More: Click here to see the full report.

The division said the report broadly reflects the effects of the pandemic. The business and household surveys used to compile the state’s unemployment report reference the week of March 12, which was before the coronavirus had closed businesses and schools. Also, because of the closures, fewer businesses responded to the surveys. 

People who were paid any amount by their employer for a pay period that included March 12 were counted as employed, even if they were not actually at their job. People who were laid off or furloughed were counted as unemployed. 

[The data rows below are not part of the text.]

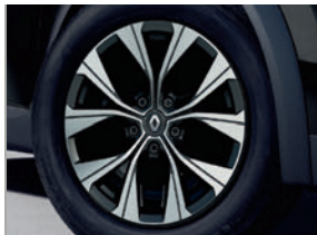
jantes alliage 17" Eridis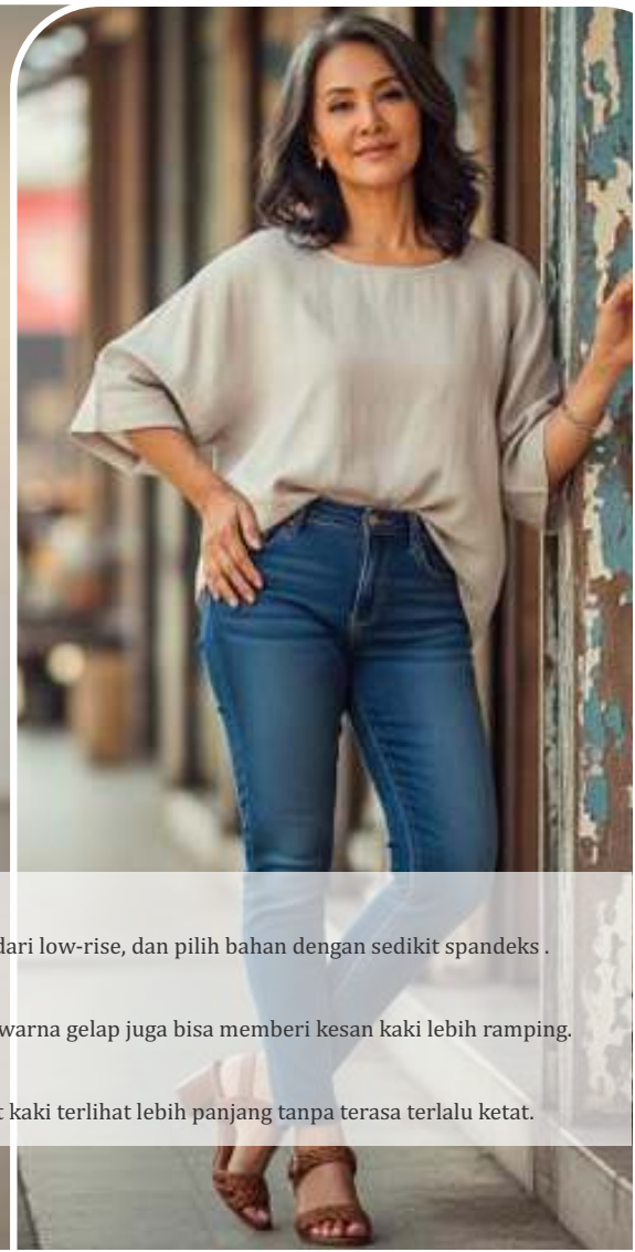
Bentuk Tubuh Lansia dan Pilihan Jeans yang Tepat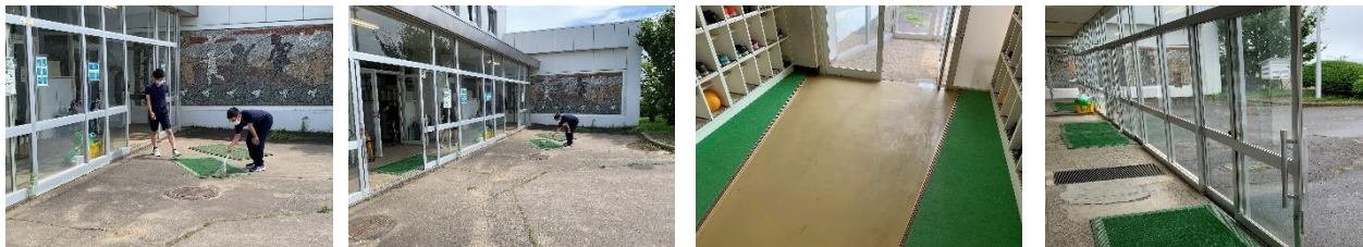
玄関の床をピカピカにしてくれました

特に6年生は、玄関先の清掃を念入りに行ってくれました。前期課程の最上級生として、「学校を代表する」役割と責任を果たしてくれています。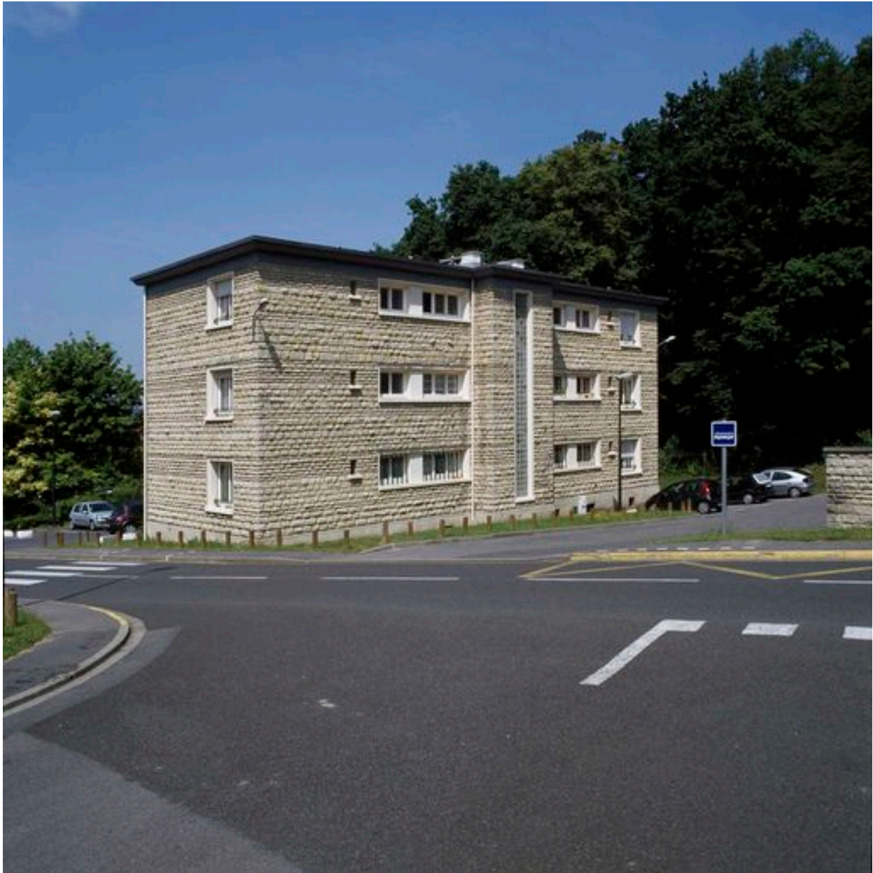
Elévation postérieure d'un immeuble de logements pour employés.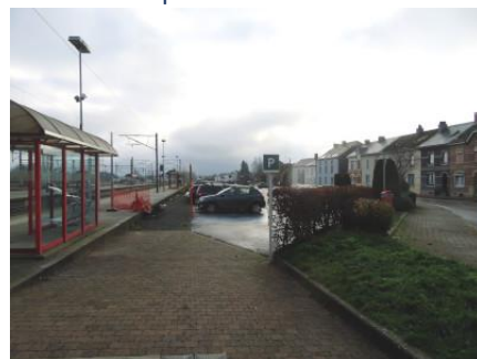
Le même accès vu à hauteur du quai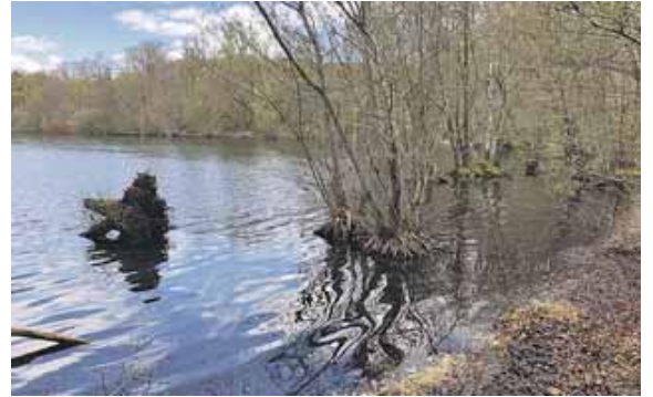
Der idyllische Weißlinger See.

In einer der nächsten Gemeinderatssitzungen komme hoffentlich der Antrag auf die Tagesordnung des Gemeinderats, erklärte Hackenberg. Dann wünscht er sich, dass ein neuer Aktionsplan be-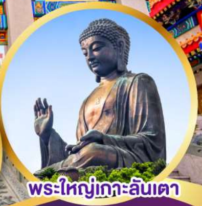
พระใหญ่เกาะลันเตา

บุฟเฟต์ชาบูสไตล์ฮ่องกง (เครื่องดื่ม น้ำอัดลม + เบียร์ ไม่อั้น!!)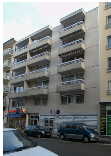
Elévation antérieure, depuis le sud-est IVR82_20116904086NUCA

Compared to March 2019, Arkansas’ nonfarm payroll jobs are down by 5,700. Seven major industry sectors posted declines, while another five added jobs.

  • Employment in manufacturing decreased by 4,700.
  • Jobs in leisure and hospitality are down by 4,300.
  • Professional and business services added 2,700  jobs.
  • Construction gained 1,700 jobs.
  • Government employment declined by 1,400.
  • Educational and Health services added 1,300 jobs.
  • Trade, transportation and utilities employment increased by 1,100.
  • Employment in financial activities and in other services decreased by 700 jobs each.
  • Information lost 500 jobs.
  • Mining and logging lost 200 jobs.